Monday/Tuesday/Wednesday/Thursday/Friday/Saturday:

  • Meal 1 – Protein/Carb/Veggie (This is your post workout meal. If you work out later in the day, have your carb meal then.)
  • Meal 2 – Protein/Fat/Veggie
  • Meal 3 – Protein/Fat/Veggie
  • Meal 4 – Protein/Fat/Veggie
  • Meal 5 – Protein/Fat/Veggie

Sunday:

  • Meal 1 – Protein/Fat/Veggie
  • Meal 2 – Protein/Fat/Veggie
  • Meal 3 – Protein/Fat/Veggie
  • Meal 4 – Protein/Fat/Veggie
  • Meal 5 – Protein/Fat/Veggie

How to Lose 10 Pounds in a Month – The Workout

Exercise is going to make it much easier for you to drop those 10 pounds of fat.

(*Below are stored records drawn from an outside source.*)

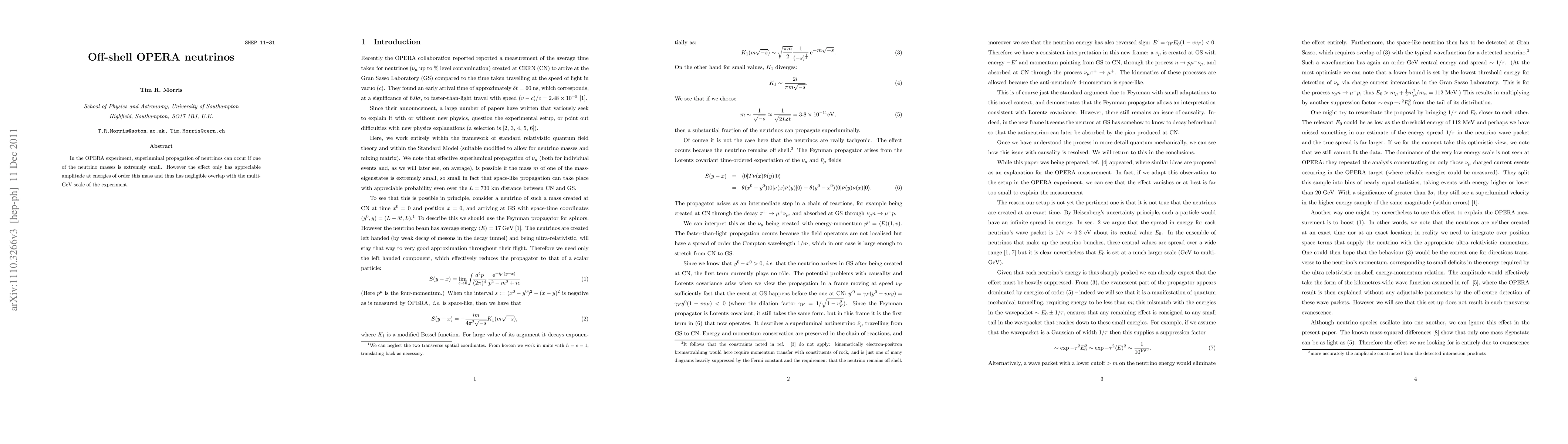 In the OPERA experiment, superluminal propagation of neutrinos can occur if one of the neutrino masses is extremely small. However the effect only has appreciable amplitude at energies of order this mass and thus has negligible overlap with the multi-GeV scale of the experiment.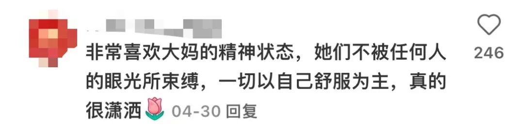 “因为痞女大妈最大的特点就是从来不取悦任何人,也不会为了寻求外界的认可而改变自己。所以他们对自己的身材和外表都没有焦虑,想吃什么就吃什么,别人怎么评价自己的外表也没关系。不管你爱上谁,你的态度都是‘大胆的爱,尽快分手’。即使每个人都不爱他们,他们也会爱自己。”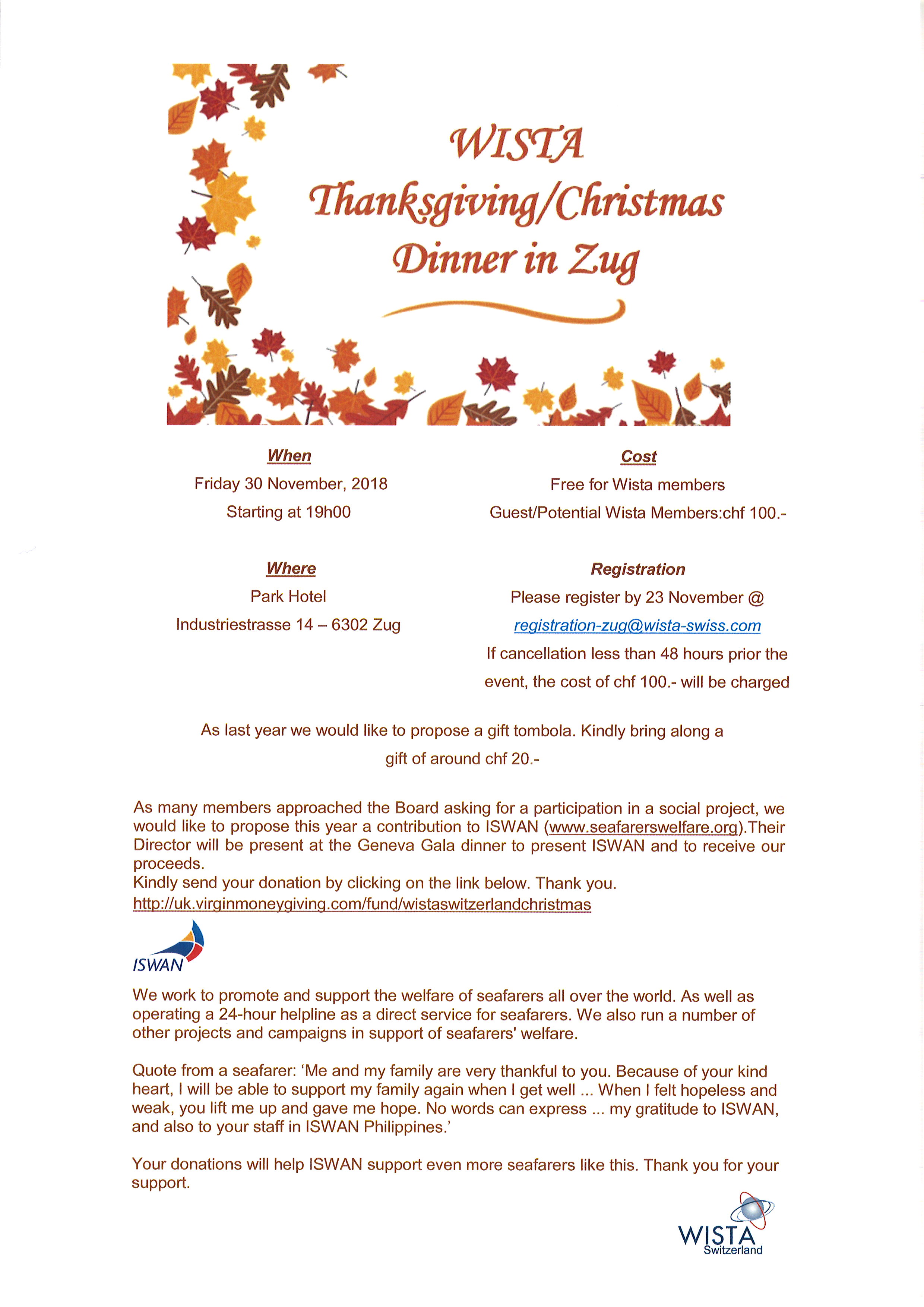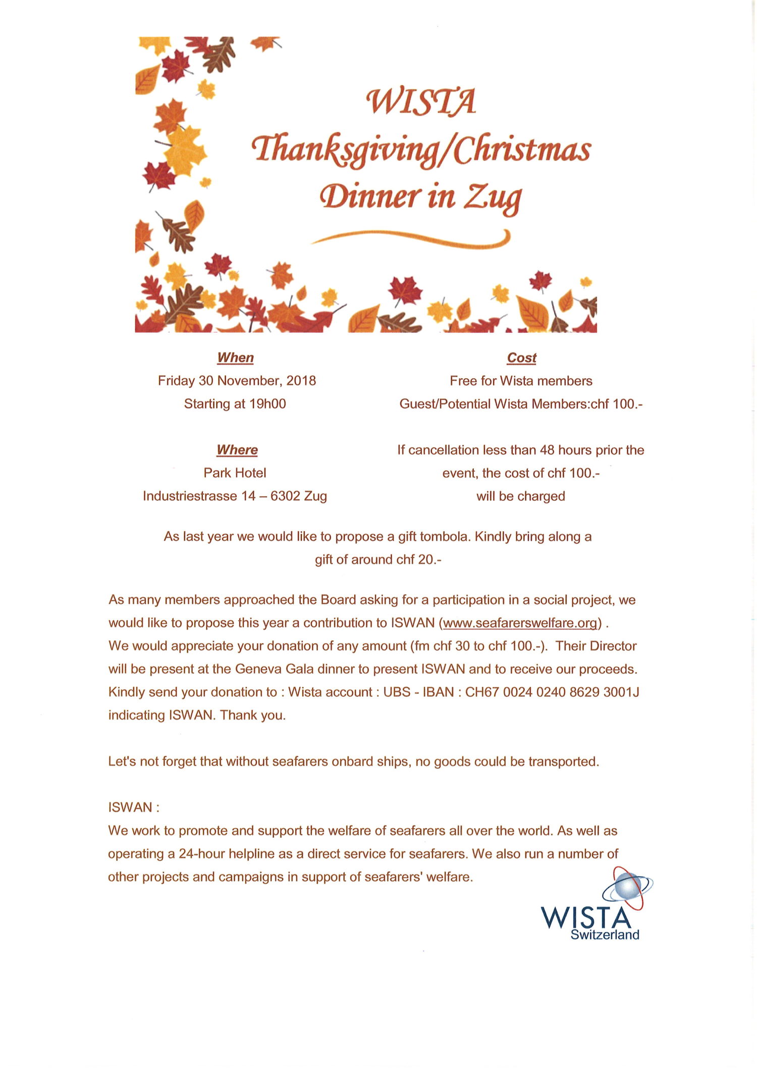 WISTA Thanksgiving / Christmas Dinner on November 30, 2018 – ZUG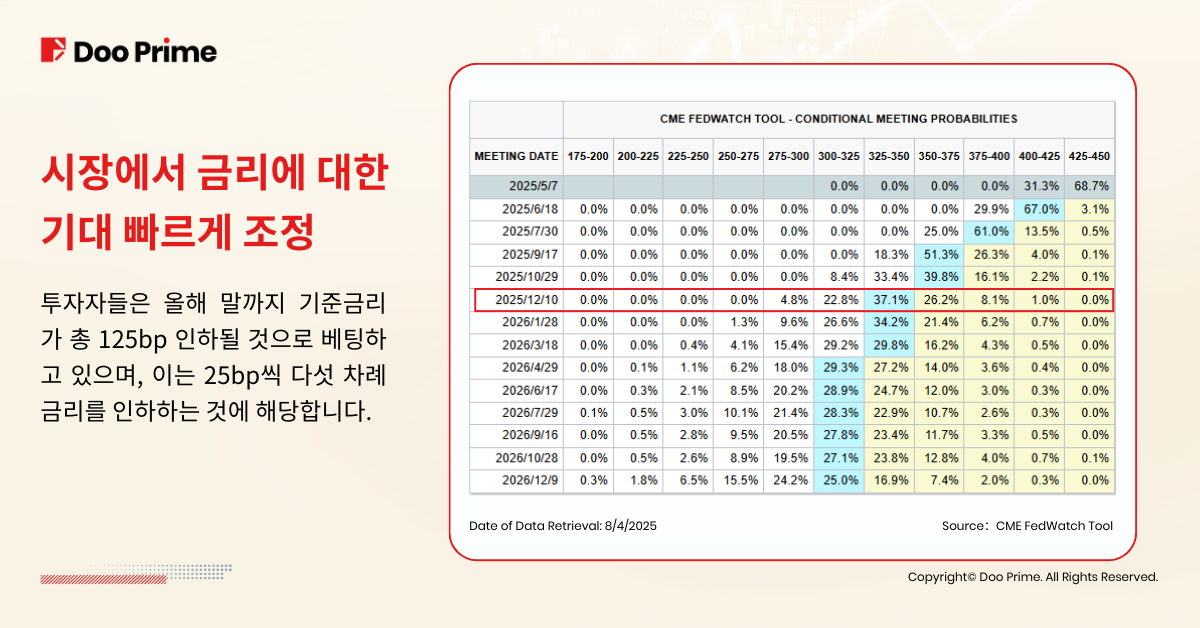 투자자들이 연준의 금리 인하에 베팅하고 있다는 사실은 글로벌 시장의 불안 심리를 반영하며. 트럼프가 대부분의 국가에 대한 대등 관세의 시행을 유예하자 트레이더들은 올해 미 연준의 금리 인하 가능성에 대한 기대치를 하향 조정했습니다. 하지만 금리에 대한 시장 기대는 언제든지 급변할 수 있으므로, 이는 투자자들이 반드시 실시간으로 주의 깊게 살펴봐야 할 핵심 요소입니다.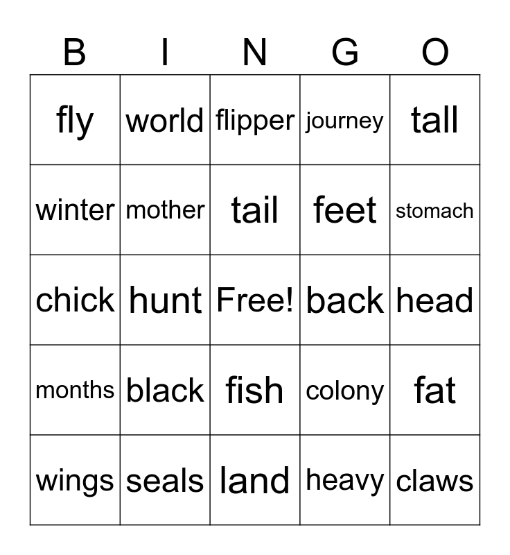 This bingo card has a free space and 24 words: wings, black, tail, heavy, tall, fly, world, flipper, back, head, chick, mother, colony, fat, winter, seals, land, journey, stomach, months, hunt, fish, feet and claws.

Here are you workout guidelines:

There is a lot of room to play here with workout variations. Your weight training needs to be anaerobic in nature. You should be using a good amount of resistance, whether it’s with weights or bodyweight exercises. A very basic strength training week using weights might look like this:

  • Monday – 3 sets of 10 repetitions on each of the following exercises: Bench Press, Barbell Rows, Squats
  • Wednesday – 3 sets of 10 repetitions on each of the following exercises: Incline Press, 1 Arm Dumbbell Rows, Deadlifts
  • Friday – 3 sets of 10 repetitions of each of the following exercises: Overhead Press, Pullups, Good Mornings

***Repeat each week, but continually increase the weight each time, or at least add some reps to each set.

An effective bodyweight strength training month might look like this:

  • Monday – 1 minute pushups, 1 minute pullups, 1 minute squat jumps, rest 1 minute (repeat 5 times)
  • Wednesday – 1 minute burpees, 1 minute box jumps, 1 minute bear crawls, rest 1 minute (repeat 5 times)
  • Friday – 1 minute bodyweight rows, 1 minute dips, 1 minute jumping lunges, rest 1 minute (repeat 5 times)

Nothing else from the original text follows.